French President Emmanuel Macron has told more than 200 global investors and 50 world leaders in Paris the global community “is losing the battle” against climate change.

“It’s time to act and move faster and win this battle,” Macron said Tuesday at a summit to secure more funding to fight climate change.

Macron’s office announced a dozen initiatives designed to inject hundreds of millions of dollars in efforts to stem global warming, including the World Bank’s decision to stop financing oil and gas exploration and extraction after 2019.

Bid to cut emissions

A coalition of 237 companies, including banking giant HSBC and French insurer AXA, announced a five-year initiative called “Climate Action 100+” that aims to pressure 100 of the largest greenhouse gas producers to cut emissions.

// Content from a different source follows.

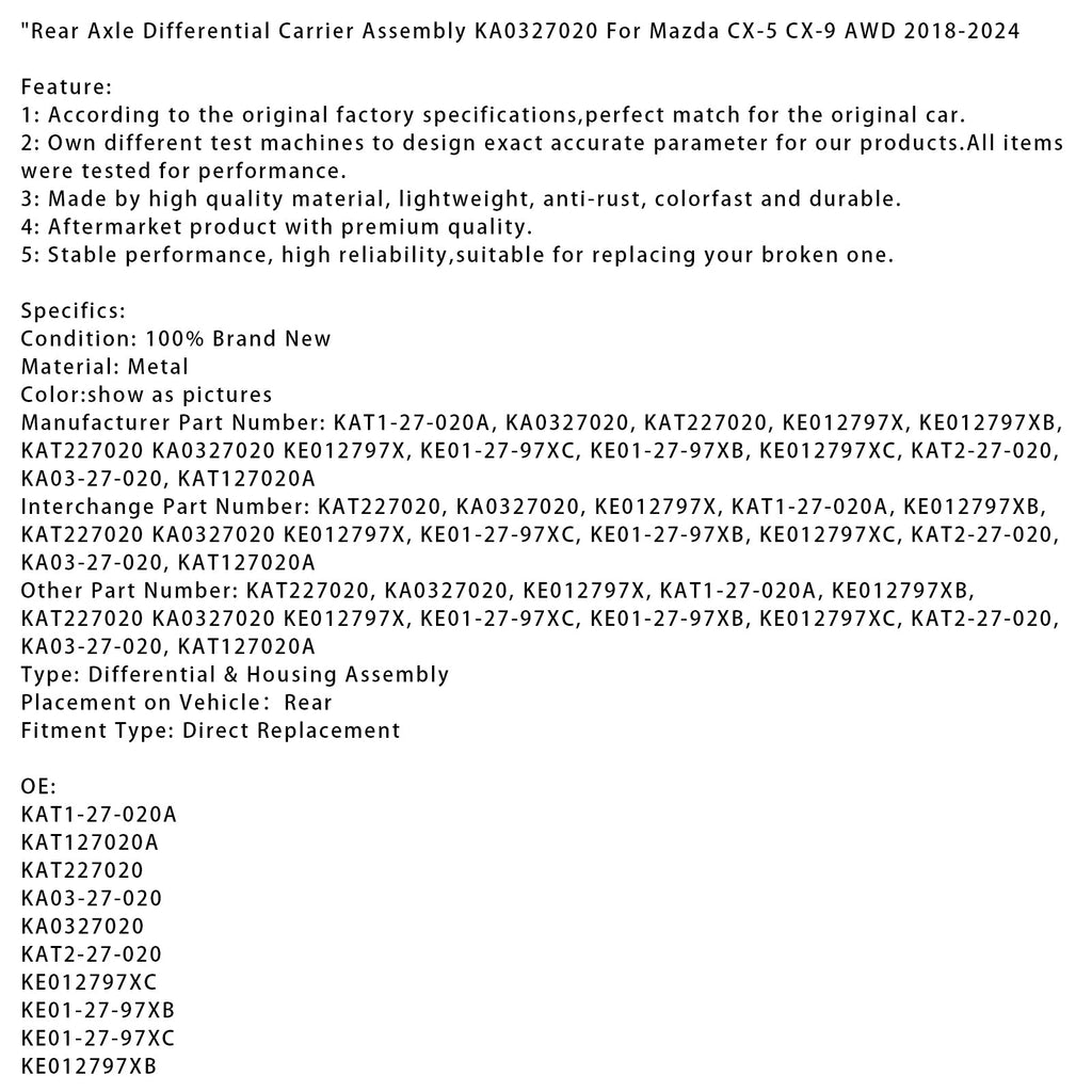 KA0327020 Gruppo supporto differenziale assale posteriore compatibile con Mazda CX-5 CX-9 AWD 2018-2024

An estimated 20 companies joined a global alliance of 26 nations that have committed to phase out coal. The plan by the “Powering Past Coal Alliance” calls for traditional coal power to be phased out by 2030 in wealthy countries and by 2050 in other parts of the world. 

The summit comes two years after nearly 200 nations agreed to the Paris climate accord, which calls for nations to limit greenhouse gas emissions and for rich nations to help developing countries deal with the impacts of climate change.

U.S. President Donald Trump was not among those invited to take part in the conference. Last year, Trump announced he was pulling out of the accord, saying it “disadvantages the United States to the exclusive benefit of other countries.” The U.S. is now the only country in the world to have rejected the global climate agreement. 

Kerry attends summit

While the U.S. federal government stepped back from the global effort, many of the country’s states and some cities have pledged to move forward with steps consistent with the agreement.

“We have 38 states that have renewable portfolio standard laws,” said former Secretary of State John Kerry, who is attending the summit. “We have 90 cities, the major cities in America, their mayors all committed to meeting Paris. So 80 percent of the population of America is in those 38 states that are committed, and we are going to stay on track.”

Scientists offered French grants  

The European Union announced a new investment plan aimed at supporting renewable energy production, climate-friendly transportation, sustainable water and sanitation systems, as well as growth in sustainable agriculture.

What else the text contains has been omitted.